◆ SUPPLIED DATA:
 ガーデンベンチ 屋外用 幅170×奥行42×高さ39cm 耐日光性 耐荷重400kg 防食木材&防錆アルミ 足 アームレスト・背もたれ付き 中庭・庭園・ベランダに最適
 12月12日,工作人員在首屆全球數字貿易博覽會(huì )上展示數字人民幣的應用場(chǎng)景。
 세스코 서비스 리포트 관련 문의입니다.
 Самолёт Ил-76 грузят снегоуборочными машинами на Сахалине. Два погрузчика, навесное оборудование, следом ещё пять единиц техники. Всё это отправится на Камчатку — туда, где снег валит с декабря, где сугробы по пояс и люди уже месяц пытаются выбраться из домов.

* * *

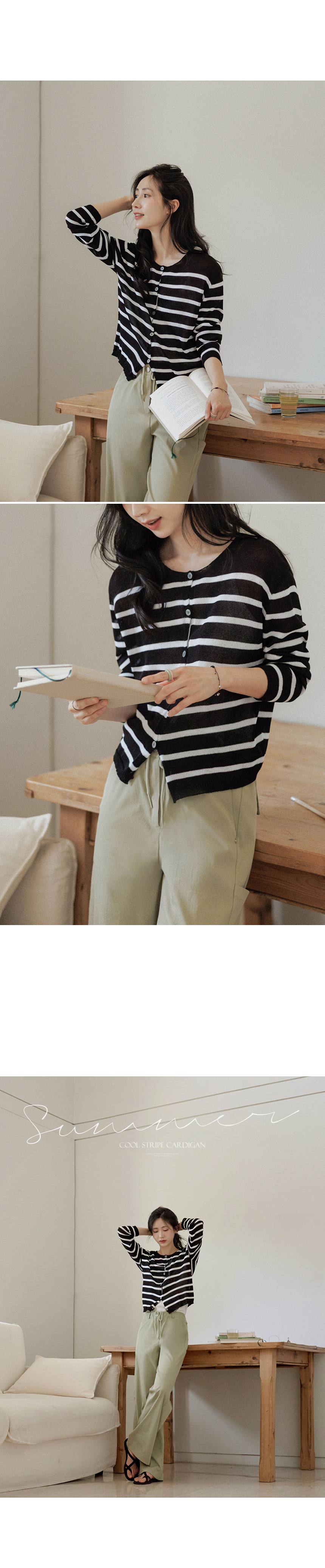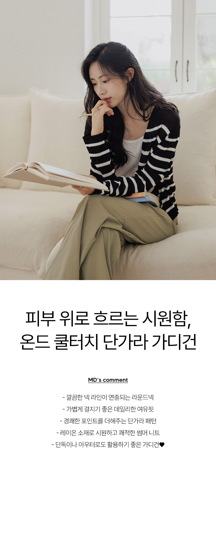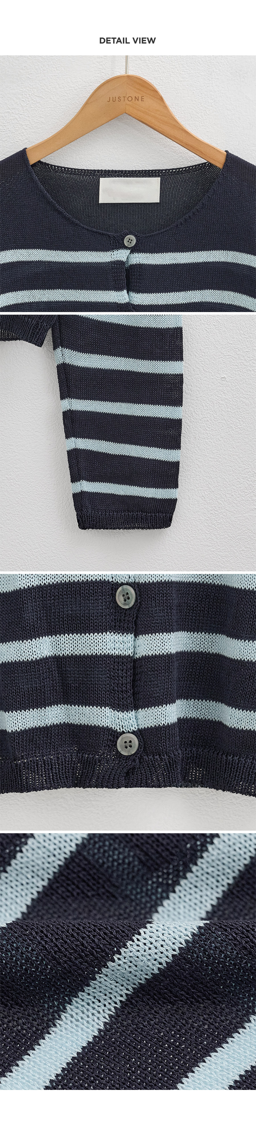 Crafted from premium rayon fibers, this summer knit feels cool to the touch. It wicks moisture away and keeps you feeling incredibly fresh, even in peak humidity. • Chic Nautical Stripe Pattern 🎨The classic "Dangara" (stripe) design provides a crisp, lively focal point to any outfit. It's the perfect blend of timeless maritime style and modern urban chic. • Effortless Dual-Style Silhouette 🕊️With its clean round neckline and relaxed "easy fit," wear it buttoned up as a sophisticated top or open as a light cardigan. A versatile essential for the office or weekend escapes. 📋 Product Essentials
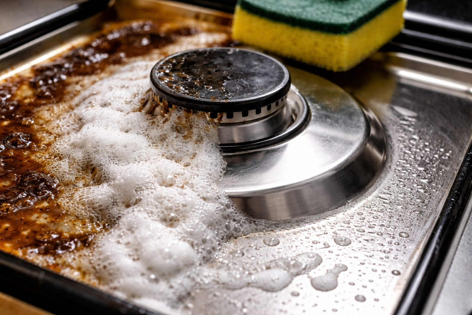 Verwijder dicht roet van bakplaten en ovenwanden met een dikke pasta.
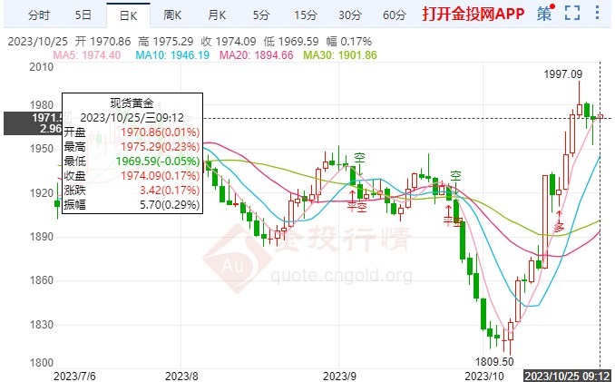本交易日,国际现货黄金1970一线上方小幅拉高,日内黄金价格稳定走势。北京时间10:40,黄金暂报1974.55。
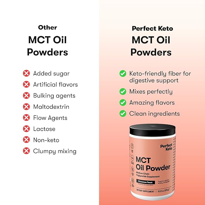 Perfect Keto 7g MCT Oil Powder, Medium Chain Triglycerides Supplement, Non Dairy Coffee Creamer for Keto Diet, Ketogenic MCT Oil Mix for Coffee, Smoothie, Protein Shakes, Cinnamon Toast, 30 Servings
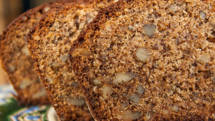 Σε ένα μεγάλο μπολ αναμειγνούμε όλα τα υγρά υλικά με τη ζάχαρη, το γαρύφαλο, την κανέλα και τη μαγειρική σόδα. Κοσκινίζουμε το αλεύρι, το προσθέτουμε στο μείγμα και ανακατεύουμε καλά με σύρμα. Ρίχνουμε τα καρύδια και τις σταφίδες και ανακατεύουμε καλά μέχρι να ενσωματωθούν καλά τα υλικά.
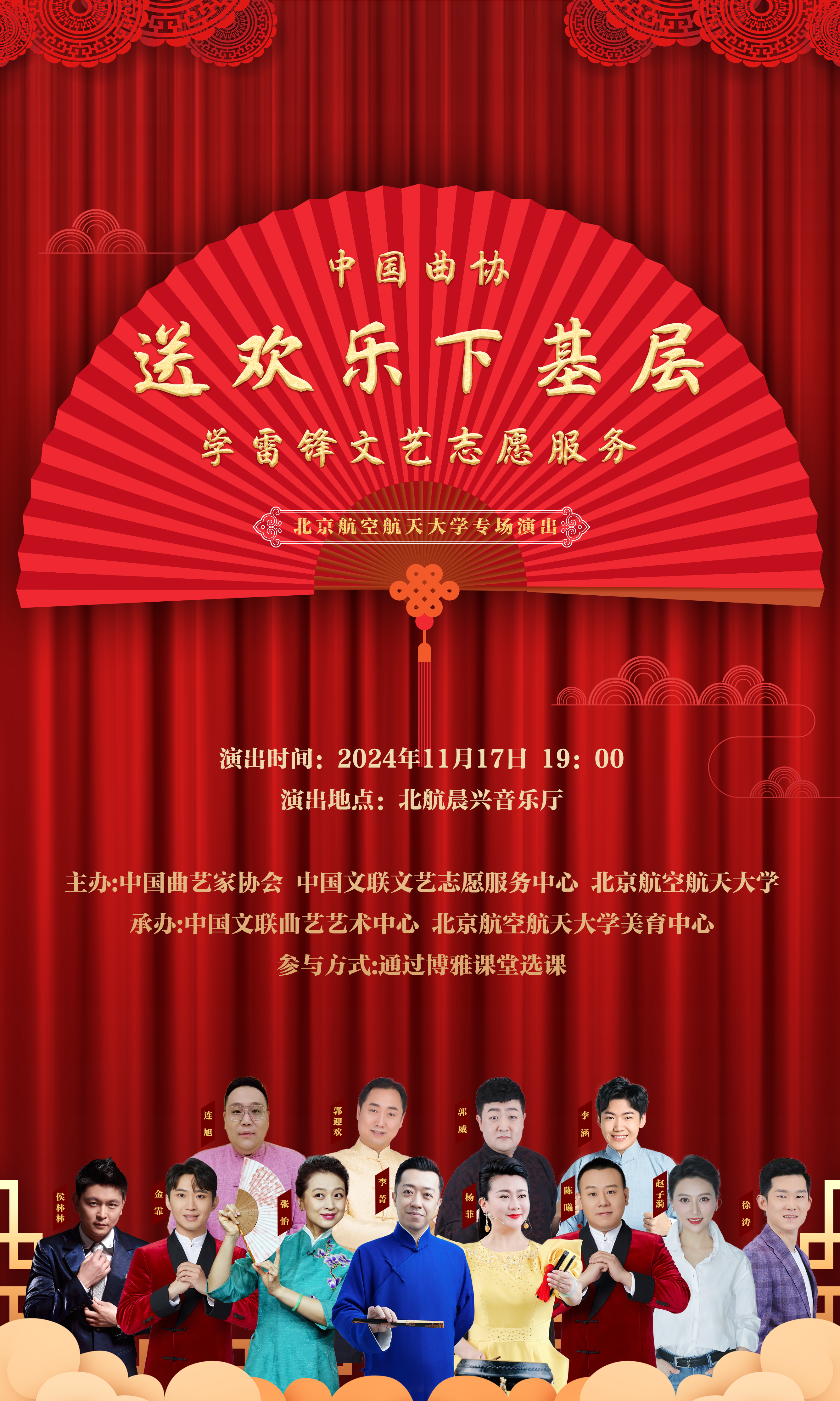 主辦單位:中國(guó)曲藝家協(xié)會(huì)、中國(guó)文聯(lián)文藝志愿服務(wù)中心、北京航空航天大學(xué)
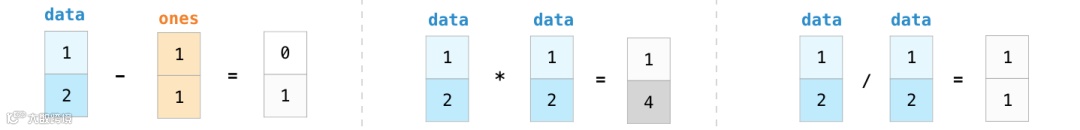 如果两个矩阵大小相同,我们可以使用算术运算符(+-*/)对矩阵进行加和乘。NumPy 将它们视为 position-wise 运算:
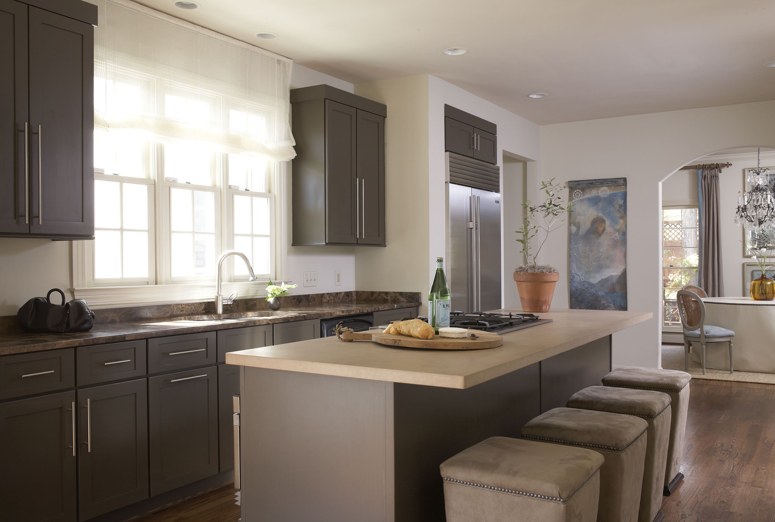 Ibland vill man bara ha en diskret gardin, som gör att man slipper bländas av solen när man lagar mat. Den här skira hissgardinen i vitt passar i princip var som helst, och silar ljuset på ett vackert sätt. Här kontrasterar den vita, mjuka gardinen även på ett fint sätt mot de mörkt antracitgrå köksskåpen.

◆ AIM OF THE TASK: Starting at the line that has "ガーデンベンチ 屋外用 幅170×奥行42×高さ39cm" and ending at the line that has "Самолёт Ил-76 грузят", please write out the lines above exactly, leaving out all others.

◆ PROBLEM SOLUTION:
 ガーデンベンチ 屋外用 幅170×奥行42×高さ39cm 耐日光性 耐荷重400kg 防食木材&防錆アルミ 足 アームレスト・背もたれ付き 中庭・庭園・ベランダに最適
 12月12日,工作人員在首屆全球數字貿易博覽會(huì )上展示數字人民幣的應用場(chǎng)景。
 세스코 서비스 리포트 관련 문의입니다.
 Самолёт Ил-76 грузят снегоуборочными машинами на Сахалине. Два погрузчика, навесное оборудование, следом ещё пять единиц техники. Всё это отправится на Камчатку — туда, где снег валит с декабря, где сугробы по пояс и люди уже месяц пытаются выбраться из домов.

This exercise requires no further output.